| WHAT NEEDS TO BE DONE |
Every line from the one containing "停车场花海成为居民拍照点。记者陶常宁 摄" to the one containing "También se puede" in the records below, both included, must be set down exactly, and no other line.

| RECORDED DATA |
──────────────────────────────
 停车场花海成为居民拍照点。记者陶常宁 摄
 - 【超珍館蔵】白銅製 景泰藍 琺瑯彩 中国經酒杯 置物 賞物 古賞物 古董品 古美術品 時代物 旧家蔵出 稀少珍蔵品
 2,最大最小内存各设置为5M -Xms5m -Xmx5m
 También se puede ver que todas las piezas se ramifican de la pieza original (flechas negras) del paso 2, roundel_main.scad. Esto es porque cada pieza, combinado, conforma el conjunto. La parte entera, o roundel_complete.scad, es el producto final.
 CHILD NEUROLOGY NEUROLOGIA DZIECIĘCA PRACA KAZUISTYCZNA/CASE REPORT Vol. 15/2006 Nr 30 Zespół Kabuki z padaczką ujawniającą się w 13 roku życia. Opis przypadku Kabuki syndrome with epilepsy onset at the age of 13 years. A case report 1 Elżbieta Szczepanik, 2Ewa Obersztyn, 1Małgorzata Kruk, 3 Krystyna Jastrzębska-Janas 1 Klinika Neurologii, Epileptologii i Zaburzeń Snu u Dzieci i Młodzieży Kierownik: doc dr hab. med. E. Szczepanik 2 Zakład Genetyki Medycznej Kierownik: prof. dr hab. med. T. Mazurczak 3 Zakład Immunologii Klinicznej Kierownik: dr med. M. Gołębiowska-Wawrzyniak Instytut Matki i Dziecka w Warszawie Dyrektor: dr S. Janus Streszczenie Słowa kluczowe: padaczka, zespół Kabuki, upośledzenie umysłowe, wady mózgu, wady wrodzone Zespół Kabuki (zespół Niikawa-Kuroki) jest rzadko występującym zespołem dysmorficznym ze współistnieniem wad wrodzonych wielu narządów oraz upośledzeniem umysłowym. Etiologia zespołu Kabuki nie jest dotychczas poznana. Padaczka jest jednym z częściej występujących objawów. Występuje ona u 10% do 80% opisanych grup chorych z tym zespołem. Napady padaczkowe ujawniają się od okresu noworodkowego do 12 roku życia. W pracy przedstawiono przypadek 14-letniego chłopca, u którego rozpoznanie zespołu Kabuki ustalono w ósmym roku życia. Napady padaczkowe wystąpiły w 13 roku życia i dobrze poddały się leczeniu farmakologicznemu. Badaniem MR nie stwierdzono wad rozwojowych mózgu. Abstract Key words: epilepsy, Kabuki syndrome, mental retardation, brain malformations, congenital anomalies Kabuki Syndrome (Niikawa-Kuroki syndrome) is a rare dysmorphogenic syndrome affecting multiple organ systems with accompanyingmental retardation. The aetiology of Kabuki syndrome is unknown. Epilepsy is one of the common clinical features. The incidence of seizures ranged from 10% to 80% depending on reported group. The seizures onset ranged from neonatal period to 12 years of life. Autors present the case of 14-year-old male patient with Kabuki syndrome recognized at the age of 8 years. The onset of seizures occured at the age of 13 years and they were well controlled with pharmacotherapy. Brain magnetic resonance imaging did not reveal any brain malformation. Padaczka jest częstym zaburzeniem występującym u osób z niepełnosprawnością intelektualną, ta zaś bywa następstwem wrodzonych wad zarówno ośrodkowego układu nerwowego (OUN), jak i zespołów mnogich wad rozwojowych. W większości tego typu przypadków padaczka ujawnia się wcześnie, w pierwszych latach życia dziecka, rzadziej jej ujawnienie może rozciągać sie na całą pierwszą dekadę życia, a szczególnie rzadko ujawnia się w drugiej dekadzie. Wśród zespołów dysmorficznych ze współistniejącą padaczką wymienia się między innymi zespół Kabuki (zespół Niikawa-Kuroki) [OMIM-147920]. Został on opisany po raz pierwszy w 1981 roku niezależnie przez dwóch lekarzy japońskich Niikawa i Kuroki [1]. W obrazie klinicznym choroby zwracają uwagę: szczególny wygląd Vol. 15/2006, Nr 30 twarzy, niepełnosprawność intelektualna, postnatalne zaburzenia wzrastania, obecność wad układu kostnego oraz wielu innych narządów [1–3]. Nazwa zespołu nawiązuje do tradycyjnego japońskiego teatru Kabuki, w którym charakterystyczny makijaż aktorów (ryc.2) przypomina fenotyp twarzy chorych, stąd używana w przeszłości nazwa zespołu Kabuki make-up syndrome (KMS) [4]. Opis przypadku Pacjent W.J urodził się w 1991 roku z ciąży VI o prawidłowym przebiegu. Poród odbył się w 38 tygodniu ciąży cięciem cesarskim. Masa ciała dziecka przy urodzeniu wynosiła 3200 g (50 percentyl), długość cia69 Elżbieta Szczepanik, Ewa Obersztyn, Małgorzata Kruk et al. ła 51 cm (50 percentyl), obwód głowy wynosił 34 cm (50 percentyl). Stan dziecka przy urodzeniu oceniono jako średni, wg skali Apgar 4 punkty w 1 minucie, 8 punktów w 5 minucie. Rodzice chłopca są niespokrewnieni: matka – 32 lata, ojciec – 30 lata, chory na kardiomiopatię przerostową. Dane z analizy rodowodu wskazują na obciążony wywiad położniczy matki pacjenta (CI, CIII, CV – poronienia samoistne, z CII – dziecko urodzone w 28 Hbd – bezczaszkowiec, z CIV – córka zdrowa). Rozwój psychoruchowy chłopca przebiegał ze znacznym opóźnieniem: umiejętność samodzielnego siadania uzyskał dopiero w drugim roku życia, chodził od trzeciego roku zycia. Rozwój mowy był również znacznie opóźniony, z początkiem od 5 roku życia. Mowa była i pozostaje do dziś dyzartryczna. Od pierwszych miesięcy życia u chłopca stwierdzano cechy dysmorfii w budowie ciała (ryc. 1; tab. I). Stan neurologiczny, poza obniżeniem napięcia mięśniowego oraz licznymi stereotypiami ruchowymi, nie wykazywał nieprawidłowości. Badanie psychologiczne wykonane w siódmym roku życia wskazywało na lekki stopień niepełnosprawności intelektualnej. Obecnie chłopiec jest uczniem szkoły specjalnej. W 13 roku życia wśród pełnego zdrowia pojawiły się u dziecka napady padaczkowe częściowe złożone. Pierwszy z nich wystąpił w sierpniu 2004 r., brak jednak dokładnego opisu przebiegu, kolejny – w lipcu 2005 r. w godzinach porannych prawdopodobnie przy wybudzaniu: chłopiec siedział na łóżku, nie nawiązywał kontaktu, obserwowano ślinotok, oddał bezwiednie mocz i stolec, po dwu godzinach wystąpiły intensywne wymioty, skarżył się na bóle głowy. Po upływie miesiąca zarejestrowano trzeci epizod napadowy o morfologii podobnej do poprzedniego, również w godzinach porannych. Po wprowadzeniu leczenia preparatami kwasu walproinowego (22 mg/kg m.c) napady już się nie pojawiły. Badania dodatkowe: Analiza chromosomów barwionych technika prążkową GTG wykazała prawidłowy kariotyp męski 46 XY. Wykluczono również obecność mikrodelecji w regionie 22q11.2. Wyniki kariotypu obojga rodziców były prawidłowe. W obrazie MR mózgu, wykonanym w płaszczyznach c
──────────────────────────────
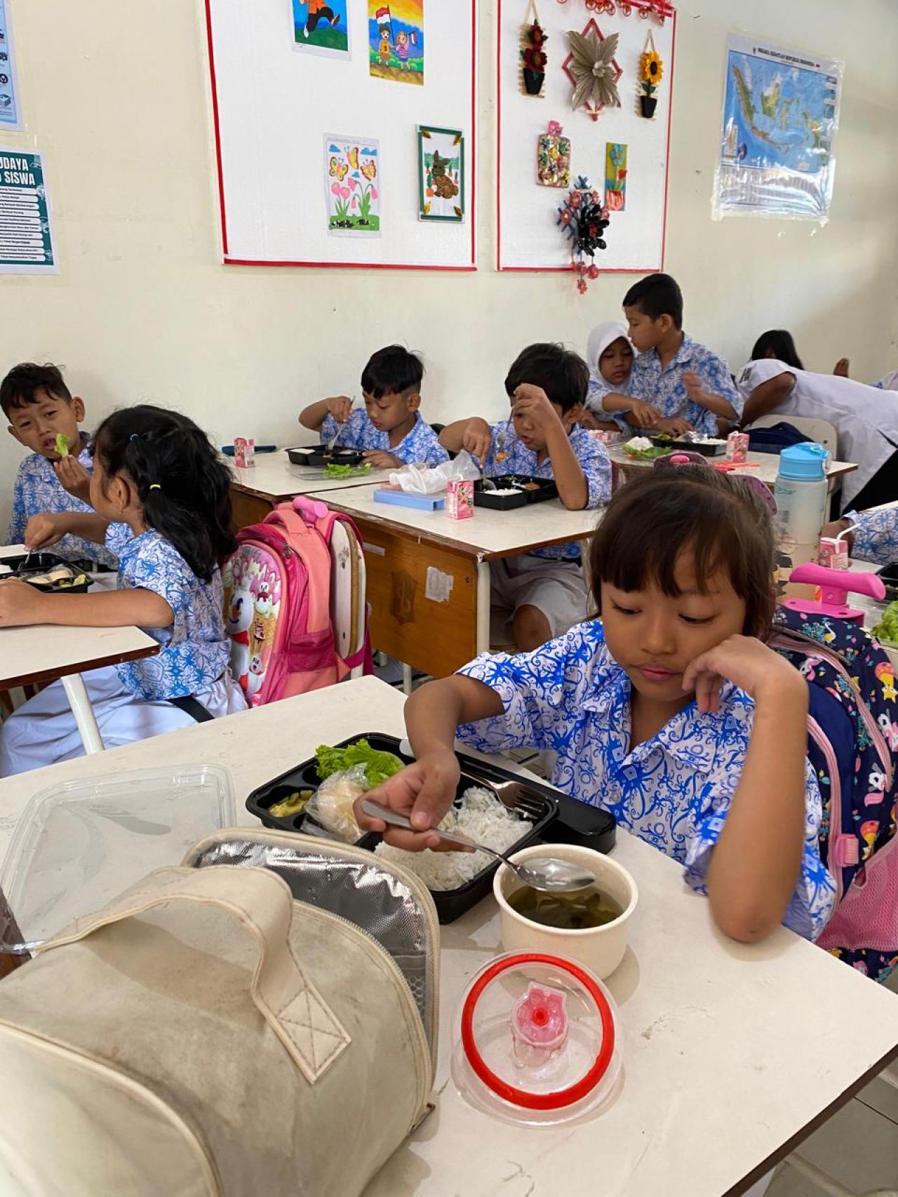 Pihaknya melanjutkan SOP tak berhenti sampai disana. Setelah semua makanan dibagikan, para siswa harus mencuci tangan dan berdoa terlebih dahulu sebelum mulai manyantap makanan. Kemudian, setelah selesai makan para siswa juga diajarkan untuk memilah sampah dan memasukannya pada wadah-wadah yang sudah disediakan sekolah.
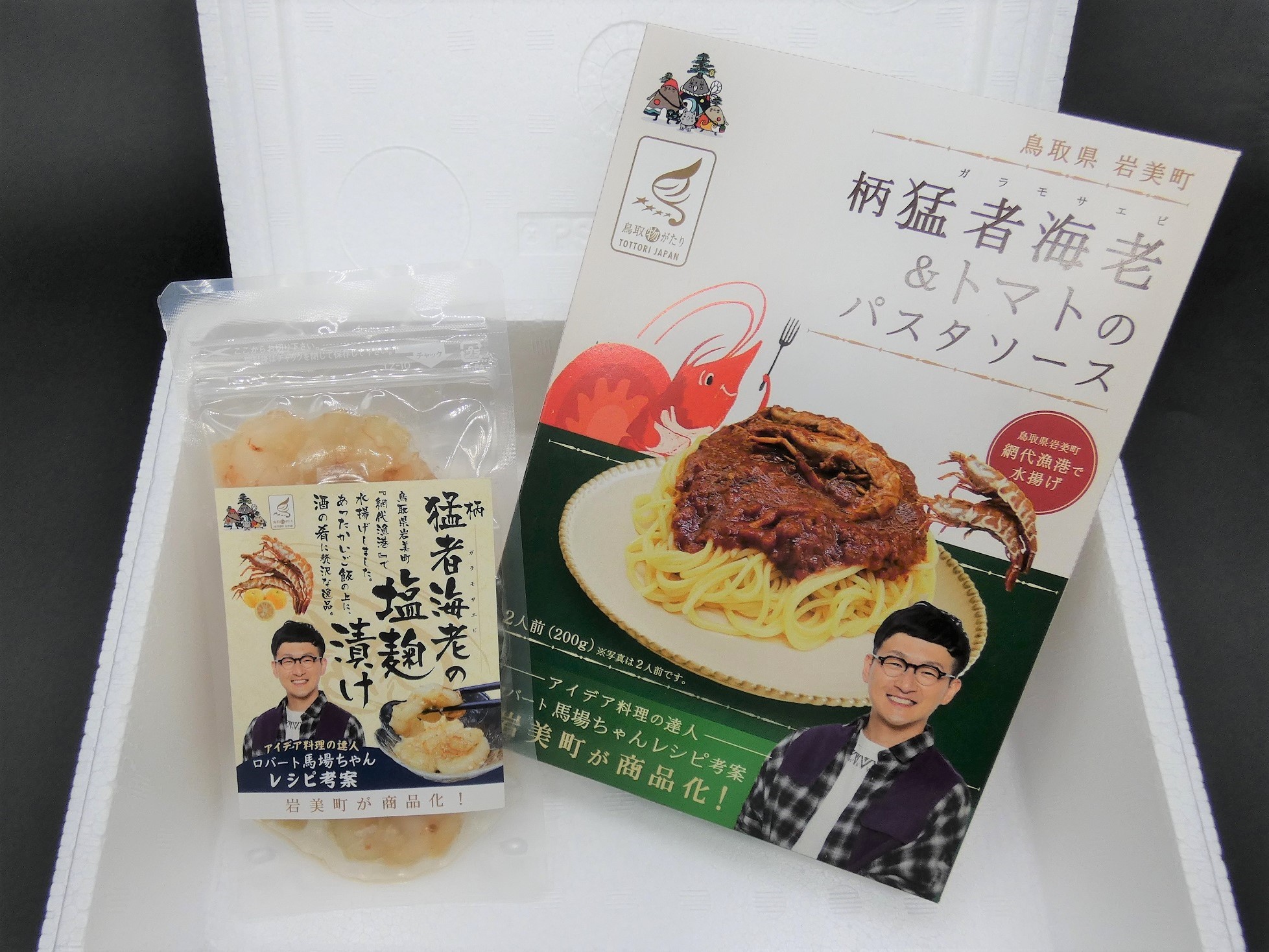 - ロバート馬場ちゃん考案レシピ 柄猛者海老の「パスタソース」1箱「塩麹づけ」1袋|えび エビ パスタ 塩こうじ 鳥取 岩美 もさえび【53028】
──────────────────────────────
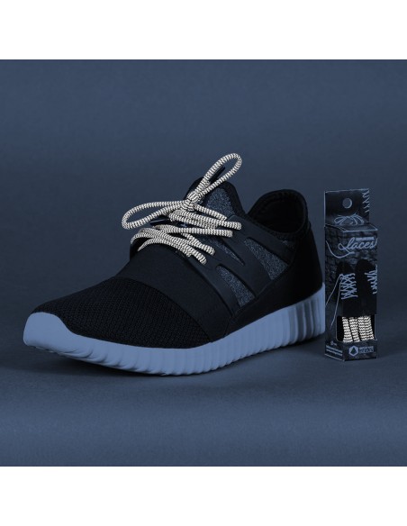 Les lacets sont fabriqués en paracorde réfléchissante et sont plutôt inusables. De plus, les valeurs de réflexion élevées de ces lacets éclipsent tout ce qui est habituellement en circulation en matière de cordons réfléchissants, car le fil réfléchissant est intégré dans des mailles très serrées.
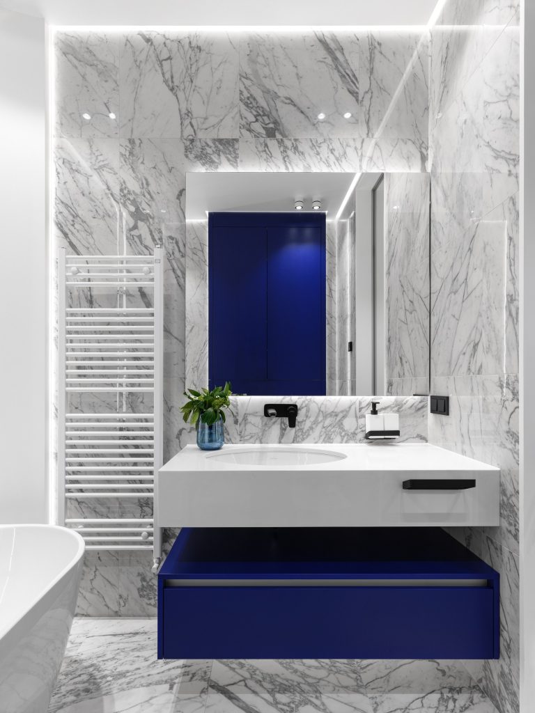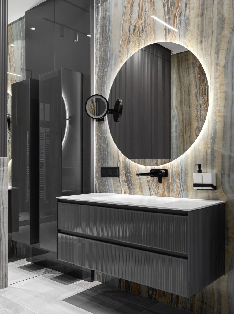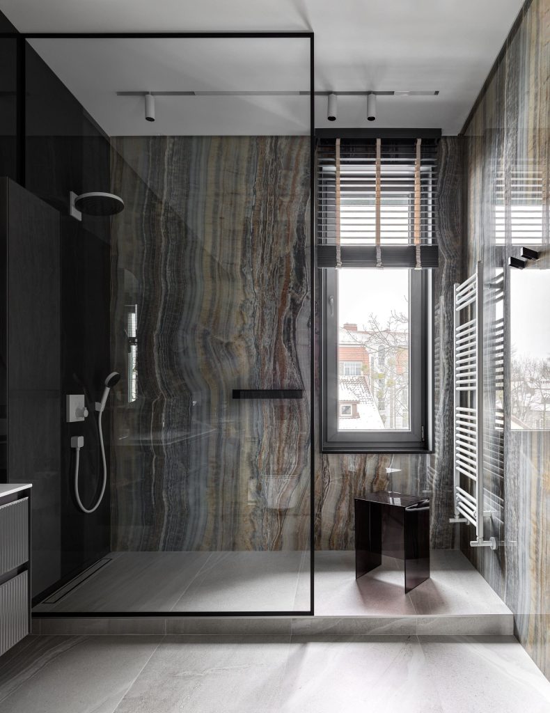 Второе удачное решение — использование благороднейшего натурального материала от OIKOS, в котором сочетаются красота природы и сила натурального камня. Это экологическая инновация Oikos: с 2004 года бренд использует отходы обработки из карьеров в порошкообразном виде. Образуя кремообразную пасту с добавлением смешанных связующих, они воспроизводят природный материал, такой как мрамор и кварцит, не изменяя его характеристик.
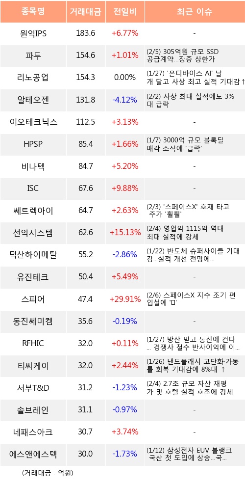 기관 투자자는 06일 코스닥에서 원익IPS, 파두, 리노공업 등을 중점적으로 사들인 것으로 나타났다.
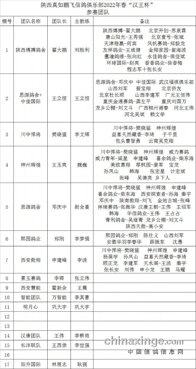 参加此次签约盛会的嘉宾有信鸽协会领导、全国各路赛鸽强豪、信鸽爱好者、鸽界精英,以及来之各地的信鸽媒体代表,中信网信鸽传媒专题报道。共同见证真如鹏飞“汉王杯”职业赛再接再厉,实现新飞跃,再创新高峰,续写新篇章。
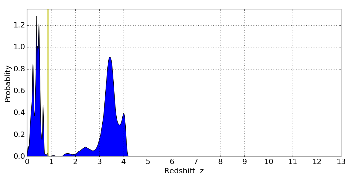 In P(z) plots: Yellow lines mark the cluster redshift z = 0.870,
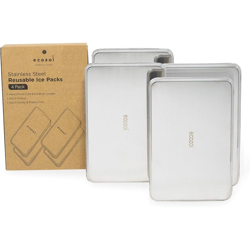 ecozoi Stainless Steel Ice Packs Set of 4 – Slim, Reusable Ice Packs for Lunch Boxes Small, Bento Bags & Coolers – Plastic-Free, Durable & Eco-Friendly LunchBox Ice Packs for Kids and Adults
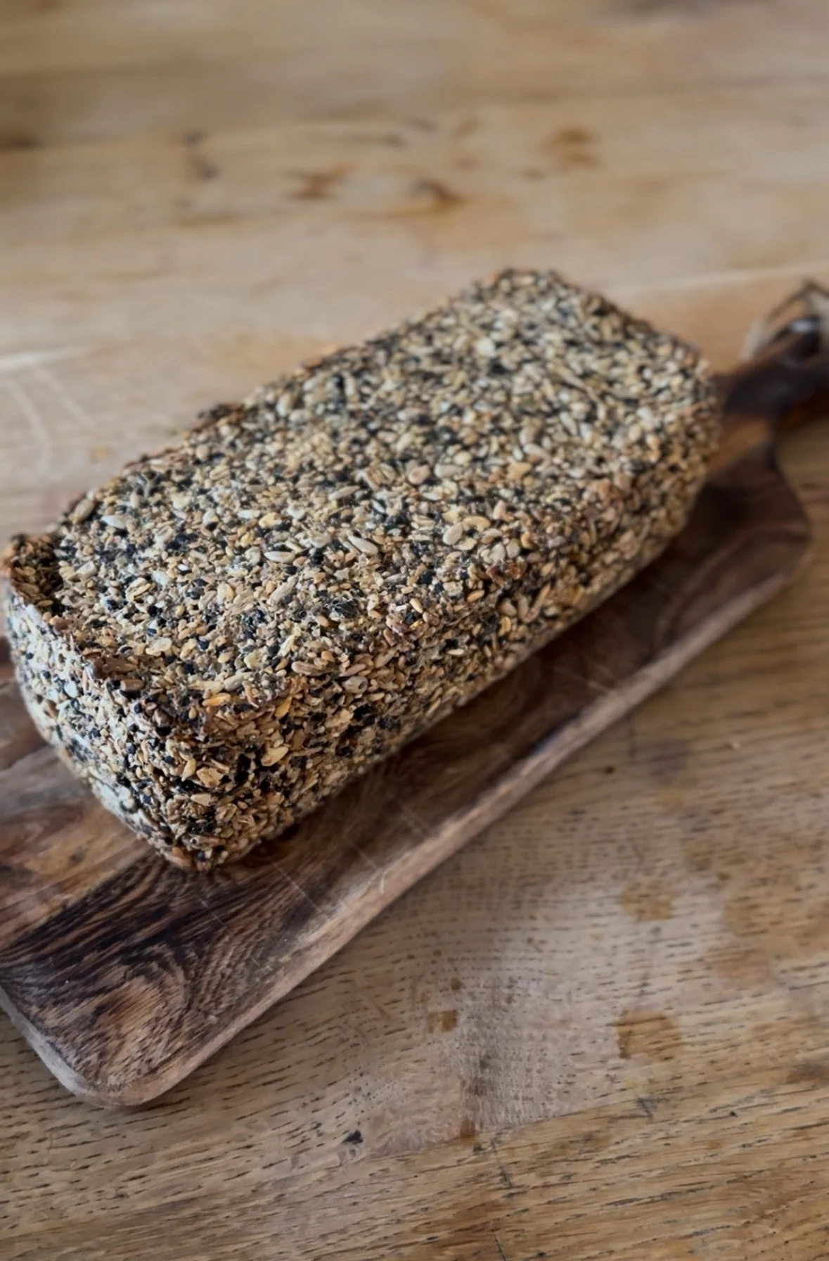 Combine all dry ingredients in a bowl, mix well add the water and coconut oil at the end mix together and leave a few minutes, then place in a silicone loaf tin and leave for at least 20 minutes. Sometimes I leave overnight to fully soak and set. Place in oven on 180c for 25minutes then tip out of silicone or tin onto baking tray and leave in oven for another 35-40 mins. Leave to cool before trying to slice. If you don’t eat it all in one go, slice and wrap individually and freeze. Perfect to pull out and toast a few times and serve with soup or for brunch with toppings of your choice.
──────────────────────────────
| ANSWER |
 停车场花海成为居民拍照点。记者陶常宁 摄
 - 【超珍館蔵】白銅製 景泰藍 琺瑯彩 中国經酒杯 置物 賞物 古賞物 古董品 古美術品 時代物 旧家蔵出 稀少珍蔵品
 2,最大最小内存各设置为5M -Xms5m -Xmx5m
 También se puede ver que todas las piezas se ramifican de la pieza original (flechas negras) del paso 2, roundel_main.scad. Esto es porque cada pieza, combinado, conforma el conjunto. La parte entera, o roundel_complete.scad, es el producto final.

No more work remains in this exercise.